Звонка не было; я три раза стукнул в дверь медным молотком, испытывая смутное чувство нелепости, и вот дверь приоткрылась, и из внутренней темноты показалось лицо в тяжелых оперных складках; если бы владелец расправил их, то, вероятно, мог бы какое-то время продержаться в воздухе. Я с готовностью признал в нем дворецкого. Это они в подобных домах таятся за дверьми, поджидая случая спросить пришельца об обуревающих его желаниях. Психоанализ составил им сильную конкуренцию, но полностью не вытеснил. Он подтвердил мои предположения, спросив, что мне угодно. Я довел до него, что приглашен бароном фон Эренфельдом к обеду, показал телеграмму за подписью барона, сообщавшую о его желании преломить со мною хлеб, и с удивлением увидел в лице дворецкого что-то похожее на неловкость. Обычно я добиваюсь этого выражения от людей, уже какое-то время находясь за столом, поэтому я машинально оглядел себя, чтобы удостовериться, не начал ли я есть рыбу ножом прямо здесь. После некоторой запинки, ободренный моей обычной благожелательностью, которую я пользуюсь случаем свидетельствовать Вам и вашему семейству, человек в дверях произнес следующую удивительную речь;
«Господин барон ждет вас, г-н С., однако предварительно он поручил мне решить один вопрос, который можно было бы назвать деликатным. Дело в том, что господин барон чрезвычайно щепетилен в отношении людей, переступающих порог его дома, и для него нестерпимо подозревать, что его хотя бы в малейшей мере могут вводить в заблуждение. Никакой документ не свободен от недоверия. Господин барон сказал так: „Я нахожусь в том возрасте и положении., когда причуды можно позволять себе с большим или меньшим равнодушием к общественному мнению, если не боишься потерять к ним вкус; но в нынешнем случае мне меньше всего хотелось бы, чтобы наш гость счел оскорбительным небольшое условие, на котором, однако, я вынужден настаивать“. Ему стало известно, что г-н С., то есть вы, отличается несравненным умением шевелить ушами. Он хотел бы, чтобы вы продемонстрировали это умение в моем присутствии, прежде чем он будет счастлив оказать вам гостеприимство. Он призывает вас рассматривать это не столько как свидетельство вашей идентичности, сколько как знак доброй воли».

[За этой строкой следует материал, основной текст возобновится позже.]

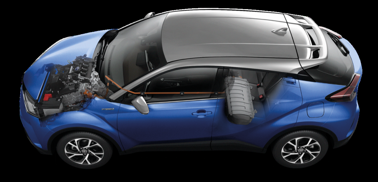 ระบบไฮบริดเจเนอเรชันที่สี่ 4th Generation Hybrid มอเตอร์ไฟฟ้าสองตัว ตัวแรกช่วยเสริมแรงบิด ตัวที่สองเป็นเจนเนเรเตอร์ช่วยปั่นกระแสไฟฟ้าเข้าไปเก็บในแบตเตอรี่ เครื่องยนต์ 2ZR-FXE เบนซิน 4 สูบเรียง วางตามขวาง ขับเคลื่อนล้อหน้า ปริมาตรความจุ 1.8 ลิตร พร้อมระบบ VVT-i ระบบส่งกำลังใช้เกียร์สายพาน เป็นเกียร์ E-CVT ทำอัตราการประหยัดน้ำมัน 20-23 กิโลเมตรต่อลิตร ขับเร็วๆ ยังประหยัดในระดับ 14-16 กิโลเมตรต่อลิตร ระบบไฮบริดเจน 4 ของ Toyota ออกแบบให้ inverter with converter assembly มีขนาดเล็กและมีน้ำหนักเบา สามารถบูสไฟฟ้าแรงสูงอย่างรวดเร็วโดยติดตั้งอยู่ด้านบนของชุดเกียร์ ส่วนแบตเตอรี่ไฮบริดเป็นแบบ ni-mh battery DC 201.6 V168 Cell 6 cell x 28 modules แบตเตอรี่ติดตั้งอยู่ใต้เบาะหลังพร้อมชุดกรองฝุ่นและพัดลมไฟฟ้าระบายความร้อน โดยมี auxiliary battery ติดตั้งอยู่ในห้องเครื่องยนต์ เป็นแบบ EN Type LN1 auxiliary battery ชุดมอเตอร์ 2 ตัวที่ฝังอยู่ในเกียร์เป็นแบบ P610 hybrid transaxle MG1 / MG2 ขนาด 600 โวลต์ ระบายความร้อนด้วยน้ำ มอเตอร์ไฟฟ้า MG 1 ของ C-HR มีแรงดันไฟฟ้าสูงสุด AC600 V กำลังสูงสุด 53 กิโลวัตต์ ส่วนมอเตอร์ไฟฟ้า MG 2 มีแรงบิดสูงสุด 163 นิวตัน-เมตร มีแรงดันไฟสูงสุด AC600 V ระบบ Hybrid จากแบรนด์ Toyota จัดมอเตอร์ไฟฟ้าขนาดเล็ก กำลัง 72 แรงม้า แรงบิดจากมอเตอร์ทำได้ที่ 163 นิวตันเมตร แบตเตอรี่ Hybrid แบบ Ni-MH ควบรวมพลังงานทั้งเครื่องยนต์และมอเตอร์ทำให้ C-HR มีกำลังสูงสุด 122 แรงม้า ระบบส่งกำลังใช้เกียร์อัตโนมัติ แบบ E-CVT มีมอเตอร์ MG-1 และ MG-2 ฝังไว้ในเกียร์เพื่อเสริมแรงบิดและชาร์จไฟใส่แบตเตอรี่ สมรรถนะเร่งจาก 0-100 กิโลเมตรต่อชั่วโมง ใน 11.3 วินาที
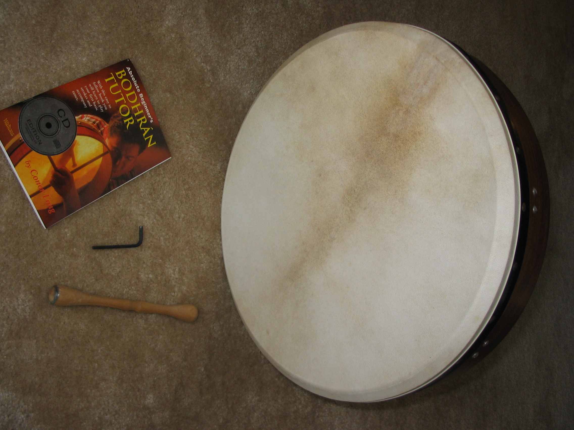 18" Bodhran $100: Rosewood frame, solid construction, crossbow support, and internal tuning for the goatskin head. Price includes tipper, 4mm alan wrench, and instruction manual with CD. Like new condition; head in great shape (no rips or holes).

Тут я невольно отступил на шаг и поднял глаза на громоздкий, фасад, смотревший на меня темно-горящими окнами между косыми тенями лопаток и пилястр, а потом пожал плечами и попросил удивительного дворецкого быть готовым. Плохо, когда люди пропускают начало, а потом толкают соседей, переспрашивают, что было, и портят всем впечатление. Сначала я чувствовал себя немного скованно, как всегда бывает, когда работаешь с незнакомой аудиторией, но потом разогрелся, и полагаю, что сумел завоевать симпатию.
«Я думаю, — сказал наконец дворецкий, — г-н барон будет более чем удовлетворен. Я тотчас же отчитаюсь ему во всем увиденном». Я сдержанно заметил, что подумывал выступать с этим в Кашмире, однако в сезон дождей там принято предаваться коллективной скорби, а потом спросил его, где тут у них мертвое пространство. Нимало не удивленный этим вопросом (видимо, у них есть какие-то профессиональные курсы эпикуреизма; мне следовало бы их пройти), указав на лоснящиеся среди травы изваяния, чья ломаная череда напоминала, как «рассчитанной жертвой черного коня г-н NN добивается тактического преимущества, которое сумеет реализовать на 38-м ходу, на правом фланге, сопровождаемый слоном и аплодисментами публики», дворецкий сказал, что если я побегу от въездных ворот, как он мне советует, и буду иметь счастье достигнуть изваяния Доверчивости (приобретено в 1888 г.; на правом бедре имеется неразборчивая надпись рукой Винкель-мана), то в моем распоряжении будет некоторое время, чтобы собрать штурмовую лестницу и соразмерить свои намерения со средствами. Тут мы вошли в дом.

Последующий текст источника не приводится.